A parallel beam of monochromatic light is used in a Young's double slit experiment. The slits are separated by a distance d and the screen is placed parallel to the plane of the slits. Slow that if the incident beam makes an angle \[\theta = \sin^{- 1} \left( \frac{\lambda}{2d} \right)\] with the normal to the plane of the slits, there will be a dark fringe at the centre P_{0} of the pattern.

#### Solution

Let the two slits are S_{1} and S_{2} with separation d as shown in figure.

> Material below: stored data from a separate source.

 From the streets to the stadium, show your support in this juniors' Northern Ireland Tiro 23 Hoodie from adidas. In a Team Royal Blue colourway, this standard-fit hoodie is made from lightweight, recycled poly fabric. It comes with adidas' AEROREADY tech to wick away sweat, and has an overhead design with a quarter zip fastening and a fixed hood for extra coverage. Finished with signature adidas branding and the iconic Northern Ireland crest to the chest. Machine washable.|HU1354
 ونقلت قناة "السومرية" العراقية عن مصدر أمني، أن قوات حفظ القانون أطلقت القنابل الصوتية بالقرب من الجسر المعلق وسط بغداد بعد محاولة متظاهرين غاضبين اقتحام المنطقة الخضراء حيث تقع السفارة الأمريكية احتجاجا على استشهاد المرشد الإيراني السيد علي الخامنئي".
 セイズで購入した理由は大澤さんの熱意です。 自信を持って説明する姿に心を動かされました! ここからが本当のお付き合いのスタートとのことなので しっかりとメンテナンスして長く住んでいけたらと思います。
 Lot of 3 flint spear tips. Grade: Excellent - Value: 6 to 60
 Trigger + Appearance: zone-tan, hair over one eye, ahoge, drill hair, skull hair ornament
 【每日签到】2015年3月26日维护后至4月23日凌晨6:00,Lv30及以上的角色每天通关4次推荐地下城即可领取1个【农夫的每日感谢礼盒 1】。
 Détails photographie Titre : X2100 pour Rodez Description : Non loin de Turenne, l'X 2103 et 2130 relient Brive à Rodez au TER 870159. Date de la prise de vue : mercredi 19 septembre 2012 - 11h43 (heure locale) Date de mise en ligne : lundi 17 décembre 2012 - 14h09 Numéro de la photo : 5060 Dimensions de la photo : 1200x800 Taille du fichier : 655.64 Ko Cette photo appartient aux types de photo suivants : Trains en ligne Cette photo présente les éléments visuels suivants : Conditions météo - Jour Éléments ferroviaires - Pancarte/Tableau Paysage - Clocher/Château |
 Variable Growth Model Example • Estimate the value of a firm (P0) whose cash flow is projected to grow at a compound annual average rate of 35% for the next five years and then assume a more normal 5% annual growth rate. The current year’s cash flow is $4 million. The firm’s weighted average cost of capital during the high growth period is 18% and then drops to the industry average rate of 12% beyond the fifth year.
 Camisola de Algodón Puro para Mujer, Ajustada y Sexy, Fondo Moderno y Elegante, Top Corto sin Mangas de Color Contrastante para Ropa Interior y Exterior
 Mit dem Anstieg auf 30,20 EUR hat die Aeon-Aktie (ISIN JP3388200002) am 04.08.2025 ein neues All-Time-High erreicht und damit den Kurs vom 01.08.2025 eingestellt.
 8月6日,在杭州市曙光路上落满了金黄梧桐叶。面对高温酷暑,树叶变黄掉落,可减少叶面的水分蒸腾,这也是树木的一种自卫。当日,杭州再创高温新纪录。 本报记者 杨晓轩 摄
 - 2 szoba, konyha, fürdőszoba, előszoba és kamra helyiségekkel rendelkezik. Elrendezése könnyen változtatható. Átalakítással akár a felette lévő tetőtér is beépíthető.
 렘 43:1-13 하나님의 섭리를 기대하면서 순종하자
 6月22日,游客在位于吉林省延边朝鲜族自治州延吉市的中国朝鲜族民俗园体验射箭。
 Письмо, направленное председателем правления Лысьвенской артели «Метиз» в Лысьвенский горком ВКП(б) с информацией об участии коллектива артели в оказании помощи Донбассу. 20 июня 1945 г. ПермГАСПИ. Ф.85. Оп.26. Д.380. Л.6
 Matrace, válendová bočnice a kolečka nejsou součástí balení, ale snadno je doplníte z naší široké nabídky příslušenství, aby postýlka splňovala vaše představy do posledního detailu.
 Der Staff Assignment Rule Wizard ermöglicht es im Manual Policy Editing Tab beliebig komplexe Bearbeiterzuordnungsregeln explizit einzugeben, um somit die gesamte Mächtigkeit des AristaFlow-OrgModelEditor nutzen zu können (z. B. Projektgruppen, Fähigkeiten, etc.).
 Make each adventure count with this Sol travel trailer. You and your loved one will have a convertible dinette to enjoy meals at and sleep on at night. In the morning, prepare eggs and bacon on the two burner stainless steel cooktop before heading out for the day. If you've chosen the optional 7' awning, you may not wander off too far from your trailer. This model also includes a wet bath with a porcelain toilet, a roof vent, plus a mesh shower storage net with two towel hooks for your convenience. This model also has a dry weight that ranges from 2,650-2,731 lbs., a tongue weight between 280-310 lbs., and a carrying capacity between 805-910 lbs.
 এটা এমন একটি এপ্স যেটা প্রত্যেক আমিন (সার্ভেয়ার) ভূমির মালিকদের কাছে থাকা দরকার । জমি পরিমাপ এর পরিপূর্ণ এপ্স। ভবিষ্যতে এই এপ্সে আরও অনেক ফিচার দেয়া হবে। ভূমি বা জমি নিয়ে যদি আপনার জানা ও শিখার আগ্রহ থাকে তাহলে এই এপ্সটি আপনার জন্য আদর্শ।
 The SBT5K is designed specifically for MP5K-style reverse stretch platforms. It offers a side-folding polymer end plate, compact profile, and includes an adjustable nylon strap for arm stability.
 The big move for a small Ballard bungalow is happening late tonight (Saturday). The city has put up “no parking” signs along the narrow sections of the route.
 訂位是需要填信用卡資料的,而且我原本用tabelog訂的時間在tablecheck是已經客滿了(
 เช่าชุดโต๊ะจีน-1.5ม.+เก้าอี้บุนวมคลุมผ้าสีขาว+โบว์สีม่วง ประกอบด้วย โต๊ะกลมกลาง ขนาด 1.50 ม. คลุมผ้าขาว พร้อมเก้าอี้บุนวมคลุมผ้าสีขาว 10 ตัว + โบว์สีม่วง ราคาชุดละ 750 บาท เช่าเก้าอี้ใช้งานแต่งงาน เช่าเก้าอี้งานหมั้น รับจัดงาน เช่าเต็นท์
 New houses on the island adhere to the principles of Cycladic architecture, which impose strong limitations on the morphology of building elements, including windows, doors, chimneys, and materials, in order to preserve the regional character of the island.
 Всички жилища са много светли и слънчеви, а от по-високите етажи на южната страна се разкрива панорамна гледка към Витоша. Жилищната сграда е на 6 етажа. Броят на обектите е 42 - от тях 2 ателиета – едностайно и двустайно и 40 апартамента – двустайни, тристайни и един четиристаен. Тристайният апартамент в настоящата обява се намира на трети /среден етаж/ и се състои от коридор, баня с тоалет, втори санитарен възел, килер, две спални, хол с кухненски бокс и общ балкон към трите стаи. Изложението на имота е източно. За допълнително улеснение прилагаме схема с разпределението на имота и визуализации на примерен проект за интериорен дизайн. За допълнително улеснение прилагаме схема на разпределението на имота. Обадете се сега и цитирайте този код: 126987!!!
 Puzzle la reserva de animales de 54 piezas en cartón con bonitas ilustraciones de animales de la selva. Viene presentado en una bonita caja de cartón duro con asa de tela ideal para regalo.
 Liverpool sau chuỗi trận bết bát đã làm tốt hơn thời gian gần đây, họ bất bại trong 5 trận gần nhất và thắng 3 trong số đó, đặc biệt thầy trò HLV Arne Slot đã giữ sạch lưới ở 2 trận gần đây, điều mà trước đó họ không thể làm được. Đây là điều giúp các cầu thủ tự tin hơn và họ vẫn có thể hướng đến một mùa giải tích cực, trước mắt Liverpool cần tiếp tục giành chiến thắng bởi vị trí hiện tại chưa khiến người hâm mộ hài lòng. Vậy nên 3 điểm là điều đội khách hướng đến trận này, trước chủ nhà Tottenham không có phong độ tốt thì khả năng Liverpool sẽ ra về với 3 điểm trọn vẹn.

The wave fronts reaching P_{0}_{ }from S_{1} and S_{2} will have a path difference of S_{1}X = ∆x.

In ∆S_{1}S_{2}X,

\[\sin\theta = \frac{S_1 X}{S_1 S_2} = \frac{∆ x}{d}\]

\[\Rightarrow ∆ x = d\sin\theta\]

Using \[\theta = \sin^{- 1} \left( \frac{\lambda}{2d} \right)\] we get,

\[\Rightarrow ∆ x = d \times \frac{\lambda}{2d} = \frac{\lambda}{2}\]

Hence, there will be dark fringe at point P_{0} as the path difference is an odd multiple of \[\frac{\lambda}{2}.\]